Piper started displaying some really heavy reactivity issues around 4 months old and we started working hard to battle them. It didn't make much sense to us because the breeder we went through was recommended to me by someone through our agility club. Little time later told us that the breeder was less than scrupulous I could kick myself for not realizing it sooner but when you've trusted someone for years and they had yet to steer you wrong I suppose trust just continues until they do. 

We had her in puppy kindergarten from 10 weeks when we brought her home, level 1 obedience after that. An every weekend meet up that would let her socialize and proof her manners, but the genetics I guess was the overriding factor. 

For the last year we went through a couple of different behaviorists, and eventually went through a veterinary behaviorist that had an interest in neurology because we had to have images taken and blood work drawn etc to rule out medical conditions like thyroid. 

We were set to just manage her behavior when she started to just seemingly forget who we were...the first instance happened with my mother who had been staying with us. She went into the kitchen to wash a dish and Piper, who had known her from 10 weeks old, leapt onto her back and bit her. The second instance happened to me when I came home from class, she ran at me and I had to shield my face in order to push her off of me. The third instance happened to my fiancee, she had been cooking for about 30 minutes and Piper had been laying in the kitchen watching her cook when she turned around from the oven Piper lunged from across the kitchen and my fiancee had to call me into the kitchen to put her in the crate. It was odd because they didn't happen all at once she seem to regain herself for a couple of weeks and then it would happen again.
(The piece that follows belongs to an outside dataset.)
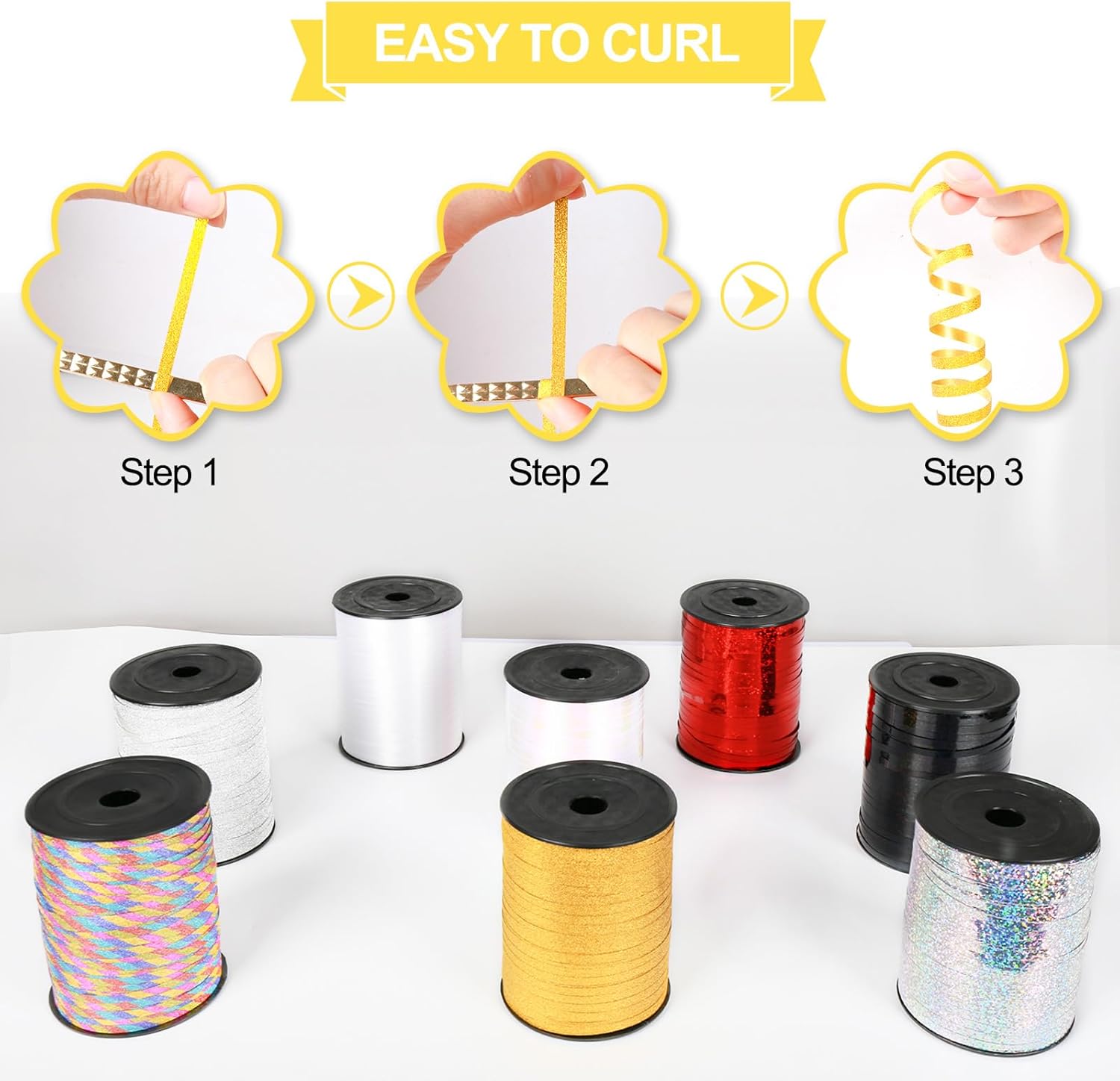 - Widely Application: Our curling ribbon which has multiple colors. ribbon bows, holiday ribbon, balloon ribbon string, gift wrap ribbon, thin ribbon, glitter ribbon, present ribbon, decorative ribbon, wrapping paper ribbon, plastic ribbon, ornament ribbon. This is great for wrapping presents, styling balloons strings, flower bouquet decor, making crafts, bows, wreath, hair, bracelets, corsages, or decorations wedding party for any kind of occasion.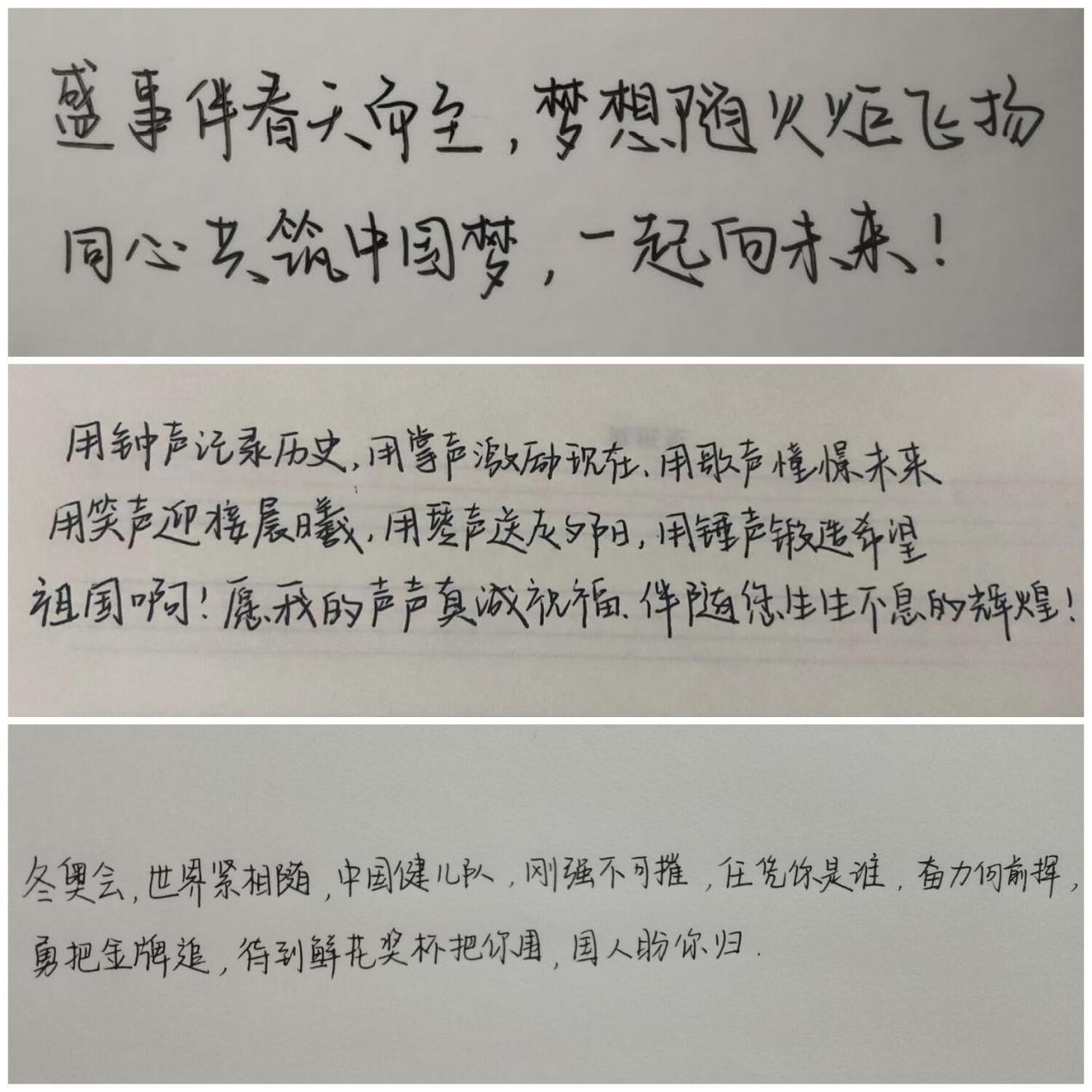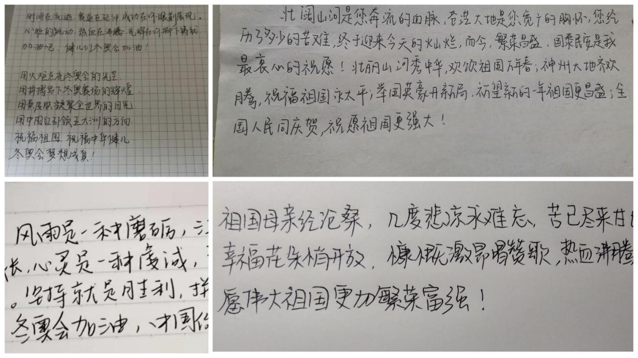 通过观看习近平总书记近年来发表的新年贺词以及冬奥会等视频,大家写下了自己的由衷之言。在春节期间,活动以居家录制和书写对祖国的美好愿景和对冬奥会参赛选手的期许和祝福为主要形式。

The neurologist said it was probably genetic. Something hardwired that was very wrong. It still killed us, we decided to try to stick it out and manage but then she did it again, and this time hit a 4 year old little girl one she had known and been completely fine with for a long time. She leapt over the couch and bit her under the eye (the little girl had been playing back there quietly for about an hour she hadn't even made eye-contact with Piper)...three days after we made the decision to have her put down. That final attack came a little after neurosis started to kick in, chasing shadows and her reflection constantly.

I'm still dealing with the grief from it. It still hurts like ****. I hope to do more research and in about two years bring a GSD pup home who will be balanced and solid nerved. I still love the breed, it still gives me a pang in my stomach to see them on the street. I still love Piper, I'm just devastated by what she had to go through. Everyone has told us it was the right the decision...she was living in constant fear of living due the breeding she came from...and it made her dangerous even to us...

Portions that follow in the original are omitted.